My question is, are these both definition related? I mean, are they equal? If yes, how are they related? if you have some articles explaining it, it will be helpful. Cheers

  • $\begingroup$ Where do you find these definitions ? I just don't understand how a signal can change in time while its frequency content does not change. $\endgroup$ – AlexTP Jun 2 '17 at 13:51
  • $\begingroup$ You do not understand correctly and so it is difficult to find written material refuting your specific misunderstandings of the situation. $\endgroup$ – Dilip Sarwate Jun 2 '17 at 13:52
  • 2
    $\begingroup$ Usually when you talk about a stationary signal or process we're working in the time domain. Whatever results when going from the time domain to the frequency domain is simply from the nature of the signal. Depending on what frequency domain information you're looking at, going backwards from the frequency domain to the time domain is not a good idea. For example different time signals can have the same power spectral densities. Trying to classify the "stationariness" of one particular signal in both time and frequency domain individually doesn't really help you. $\endgroup$ – Envidia Jun 2 '17 at 14:48
  • $\begingroup$ @AlexTP Just like sinusoidal signal with a specific frequency. It changes in time, but the frequency content is constant. $\endgroup$ – abkoesdw Jun 2 '17 at 14:48
  • $\begingroup$ @AlexTP please check page 5, last paragraph: link $\endgroup$ – abkoesdw Jun 2 '17 at 14:52

Your definitions are not correct.

For a Strict Sense Stationary process (signal) the joint distribution of your process' value for all instants of time must be independent of time, in other words if x(t) were your process, P(x(t1),x(t2),x(t3),...) must be independent of time's origin.
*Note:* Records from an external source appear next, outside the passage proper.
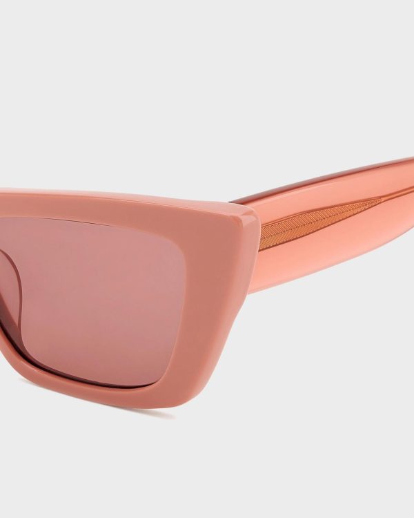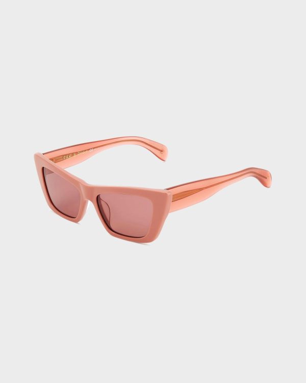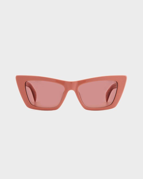 A cat eye silhouette with an acetate frame and 100% UV protection.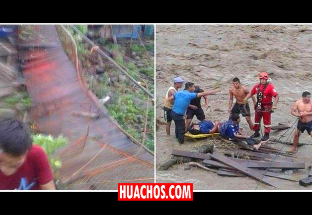El colapso del puente se produjo por el aumento del caudal del rio Kimbiri y como consecuencia resultaron heridas las siguientes personas: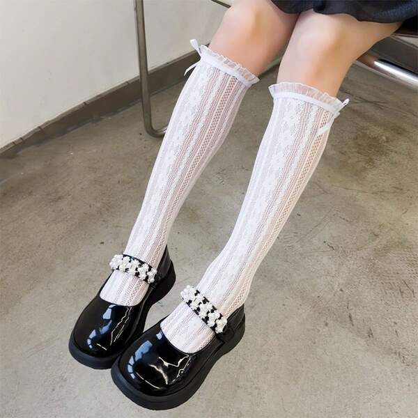 1pair Children'S Bowknot Lace Trim Long Tube Socks, Lolita Style For Girls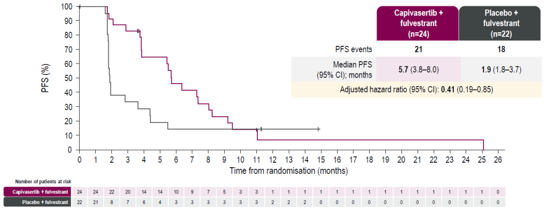 △2023年ESMO ASIA大会上,胡夕春教授报告的CAPItello-291研究中国队列总体人群(上)和AKT通路改变(下)患者的PFS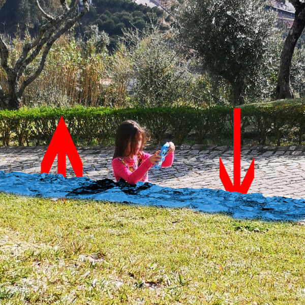 手前がマンホールで奥に座ってるんやな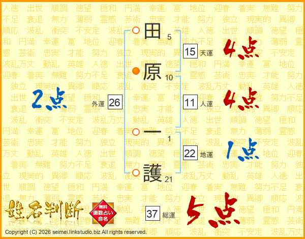 あなたの人生を表す1番重要な運勢です。生涯を通じて影響する総合運となり、主に50歳以降の晩年期に影響を及ぼします。苗字と名前の合計画数。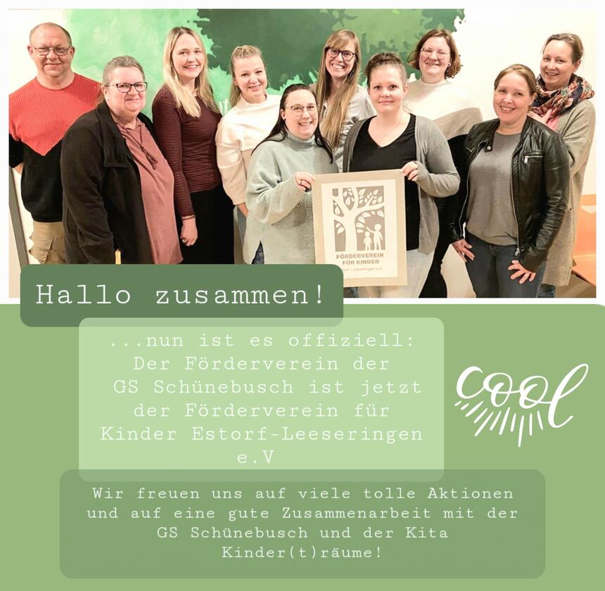 Im Januar 2026 wurde aus dem Förderverein der Grundschule Schünebusch e.V. ein neuer Verein: Seine Mitglieder haben sich die Förderung aller Kinder im Ort auf die Fahne geschrieben; davon profitieren alle Kinder unserer Johanniter-Kita Kinder(t)räume (OT Leeseringen) sowie die Schülerinnen und Schüler der Grundschule Schünebusch (OT Estorf). Viele Familien haben ihre Kinder in beiden Einrichtungen; die Eltern und alle Mitglieder des Fördervereins unterstützen sich zugunsten der Kinder gegenseitig. Sei es bei Spendenbasaren, Gemeinschaftsaktionen, Festen oder Ferienpassaktionen. Mehr Informationen gibt es vom Vorstand des Fördervereins unter dieser Mailadresse. Oder auch via Instagram. Den Mitgliedsantrag können Sie sich hier herunterladen als PDF.
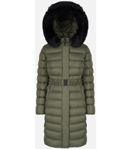 Doudoune longue pour femme au design élégant, dotée d'une ceinture qui met en valeur la silhouette et d'une fourrure amovible de couleur contrastée sur le col. Doudoune longue pour femme au design élégant, dotée d'une ceinture qui met en valeur la silhouette et d'une fourrure amovible de couleur contrastée sur le col. Proposé ici en vert olive, ce modèle est réalisé en tissu de polyester ultraléger, avec un rembourrage XDOWN chaud en plumes régénérées qui protège du vent et de la pluie. Garantis ...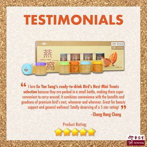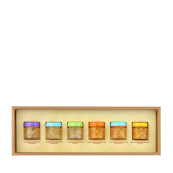 Eu Yan Sang Bird's Nest Mini Treats Selection 6s comprises of 3 different sugar levels of Premium and Imperial Concentrated Bird's Nest, with rock sugar, reduced sugar and sugar free. It is ready-to-drink, convenient to carry anywhere with you. Suitable for all ages by taking it chilled or warmed. Great as a gift or your own consumption in the comfort of your home.

For a Wide Sense Stationary process the joint probability of process value up to 2 instant of time must be independent of time, in other word P(x(t1),x(t2)) must be independent of time's origin.

Now if you have a process which at least is wide sense stationary process then your process power spectrum doesn't change by time.

To estimate a process' power spectrum from a sample signal in addition to stationarity your process also have to be ergodic, then square magnitude of Fourier transform of your signal is an estimation of power spectrum which also doesn't change with time for long enough signal.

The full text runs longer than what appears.